Sullivan and a few of her friends, one of them taking pictures with a small digital camera, met the trailer at the road when it showed up just before noon Wednesday to return the horses. One by one she walked the animals down the long dirt driveway to the barn, checking their gaits and looking them over for possible cuts or scrapes from the ride.
Inside the barn, the horses neighed, ate fresh hay and sniffed each other through gaps in the boards that separate the stalls. Some of the horses had not seen each other since the state took them six months ago, Sullivan said.
“It feels incredible,” Sullivan said of having the horses back. “I can’t believe they’re here.”
Not all of them are back, though. In all, animal welfare agents took 18 horses from Sullivan’s Eochaidh Stables on April 25. Three that were not owned by Sullivan but were being boarded at her farm were returned to their owners, and another died while in state custody.
This summer, Sullivan contested the removal in Ellsworth District Court and, by most accounts, won. In September, Judge Bernard Staples ordered that nine of the 14 horses kept by the state should be returned immediately. He noted that by the state’s standards, the nine horses were not considered to be thin when they were taken.
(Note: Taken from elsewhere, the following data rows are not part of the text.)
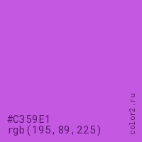 Цвет #C359E1 в цветовой модели RGB обозначается тремя октетами (195, 89, 225) в десятичном формате и #C359E1 в шестнадцатиричном (hex) формате, которые являются интенсивностью красного 195 (hex C3), интенсивность зелёного 89 (hex 59) и интенсивность синего 225 (hex E1).
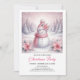 Whimsical Pink Snowman Editable Christmas Kids Invitation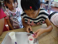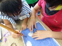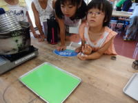 まず始めに、ロウを溶かし、クレヨンを削り入れ色を付けます。 |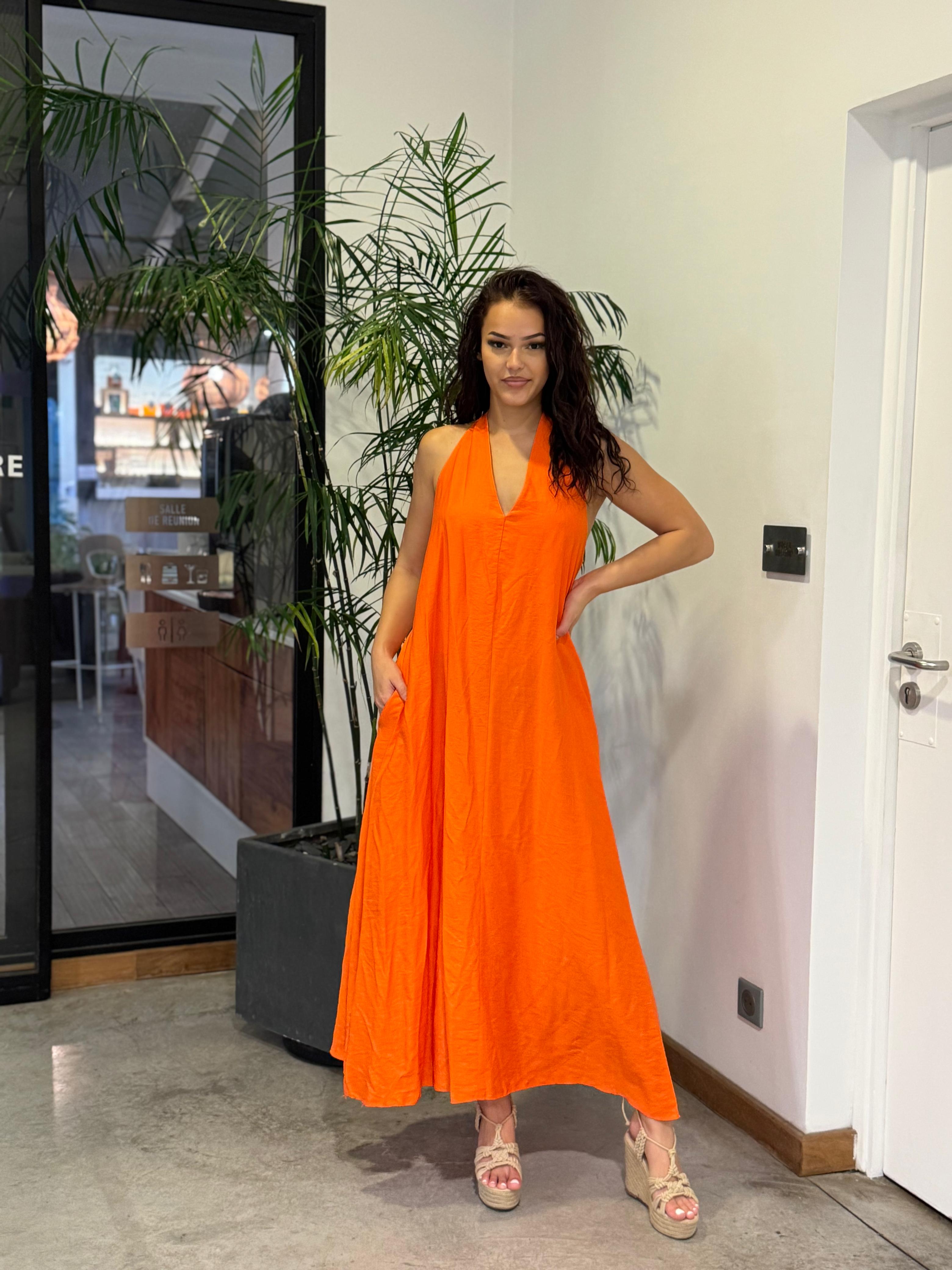 Sublime et audacieuse, cette robe midi au décolleté plongeant séduit par son imprimé inspiré des vagues. Son dos nu et sa coupe ajustée mettent la silhouette en valeur avec sensualité, tout en restant fluide et agréable à porter.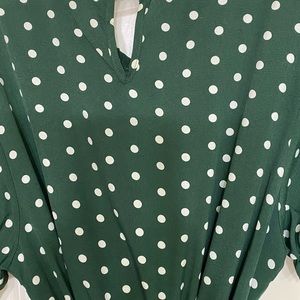 Short Sleeve A-Line Green Polka Dot Dress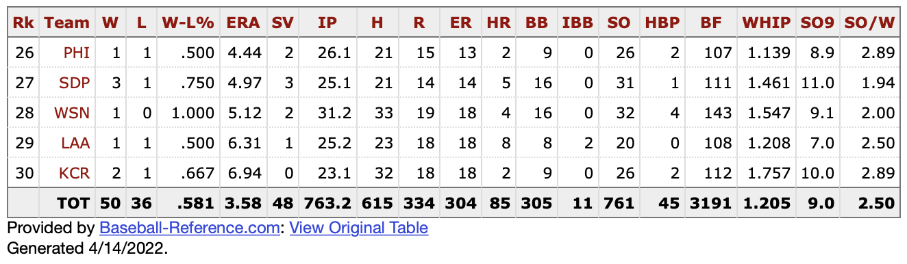 Through five games, Royals pitchers own a 6.80 ERA. It’s the worst mark in the majors. That’s a full run (and more) than the next-worst team. And that’s after they allowed just one run through the first two games of the year. Hey, it happens when you cough up double-digit run totals twice in the season’s first week.

The other five horses were considered to be thin, very thin or in poor condition, he said, and so should be kept by the state until they are deemed healthy enough to be returned to Sullivan.
The state asked Staples to reconsider his order, but on Oct. 5 the judge upheld his original decision.
One of the nine horses that was to be returned to Sullivan was not with the first eight that arrived Wednesday. The ninth horse is owned by Clyde Ford, one of Sullivan’s former employees, and needed to be sedated before it could be transferred back to Eochaidh Stables. Sullivan and state officials were trying to contact Ford on Wednesday to get his permission to sedate his horse so it could be brought back to the Crooked Road farm.
Sullivan, who acknowledged being stretched financially thin last winter, said Wednesday that she might not be able to afford to keep her farm because she has lost thousands of dollars in revenue this summer by not having horses on the property. She has said she earns money by boarding horses, giving riding lessons and offering trail rides.
According to a press release issued by Sullivan, a support fund for her has been set up at Union Trust bank. Her legal expenses are nearly $15,000, and she has to reimburse the state for the cost of boarding the five horses that were underweight, the statement indicated.
But on Wednesday, Sullivan was just happy to have most of the horses back where she says they belong.
“I haven’t heard this sound in a while,” she said, standing in the barn while the horses noisily munched on the hay in their stalls.